An interesting thread broke out after a recent post I made about N.T. Wright and the need to bring genuine discipline to academic debate. The thread (to use shorthand) revolved around private judgment, the priesthood of believers, sola Scriptura, and the ministerium of the Church. How’s that for a summary? I thought I would add a few comments of my own here, and invite Tim Enloe to respond to them on his blog, and I will link to them. I am doing this, not because I differ with Tim’s basic position, but simply to make the issues more clear, and perhaps to highlight some differences in emphases.
The underlying culprit in all these discussions is egalitarianism. Many modern Protestants (and Catholics too, for that matter) assume that the Church has no genuine teaching authority that must be obeyed, and when it comes to doctrinal finality it is “every man to his tents, O Israel.” For Protestants, the doctrine of sola Scriptura is twisted into a “just me and my Bible” solo Scriptura, and the priesthood of the believer is turned into a demand that the rest of your fellows, that holy nation of priests, go mind their own beeswax. Private judgment is absolutized, and the idea that we are created and designed to think and believe in community is rejected. So far the problem.
So, then, here we are. What are we to do about it? Here is the problem. Because of the functional fragmentation of the Church, we have church officers in one communion disciplining members for maintaining (with their open Bible) doctrines that church officers (equally ordained) in another denomination are sworn to uphold. In other words, a Calvinist layman in a Calvary Chapel, who leads a home Bible study, is in the same structural position as an Arminian layman doing the same thing in the OPC. But one is right and the other is wrong. One set of elders is resisting false teaching, and the other is resisting the truth. Strange concepts, I know, but no getting around it.
But I don’t think the first step should be to get the unordained layman to shut up about what he believes the Bible says — rather, I think we should learn to distingish discussion about scriptural teaching and authoritative proclamation. In other words, the place to begin establishing this principle is not so much around Burt Layman’s right to speak as it is in our right to refuse to pay him the slightest attention. He can speak if he wants. We don’t have to listen. When the church speaks (even when the church is in error), the church is speaking authoritatively. It is the difference between a seven-year-old saying to his six-year-old sister, “It is 8 o’clock. We need to go in,” and mom at the back door saying, “It is 8 o’clock. You need to come in.” This difference in genuine authority remains even if mom is mistaken and it is only 7:30.
Now if teaching is occurring that could reasonably be construed as representing the church, then the ordained leadership of the church should sign off on it. For example, my wife periodically leads a women’s study in our congregation. Whenever she does this, she sends a request to the elders, asking for permission to lead the study. Any teaching that someone might construe as being the “position of the church” (and a study by the pastor’s wife fits this description) is something the elders need to give their blessing to. But if two teenagers are talking about the sermon in the church parking lot, they do not need to take care lest one of them be able to point to the other one and declare, “You exposited!”

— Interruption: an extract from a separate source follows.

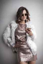 photo of woman in white fur coat shiny dress and sunglasses standing in front of gray wall while using her phone May 5, 2020May 5, 2020

But what about a teacher who is semi-educated, and not in line with the doctrine of the church, but he is not self-evidently an idiot. He is glib and persuasive. What then? Shutting him down by fiat is counterproductive. An ecclesiastical gag is not a refuation, and everybody knows it. One of the scriptural requirements for the minister is that he needs to be able to refute those who contradict (2 Tim. 2:23-26). The “jury” that observes this refutation is of course the congregation of God’s people, led by her ordained ministers — it is not the headstrong false teacher, for obvious reasons.
There is not a problem with refuting a person, having him refuse to acknowledge it, and then withdrawing from him. “If any man teach otherwise, and consent not to wholesome words, even the words of our Lord Jesus Christ, and to the doctrine which is according to godliness; he is proud, knowing nothing, but doting about questions and strifes of words, whereof cometh envy, strife, railings, evil surmisings, perverse disputings of men of corrupt minds, and destitute of the truth, supposing that gain is godliness: from such withdraw thyself” (1 Tim. 6:3-5). It is appropriate to refute someone, have them not recognize it at all, and then simply walk away. These guys are the ecclesiastical equivalent of that knight in Monty Python and the Holy Grail. “It’s just a flesh wound!”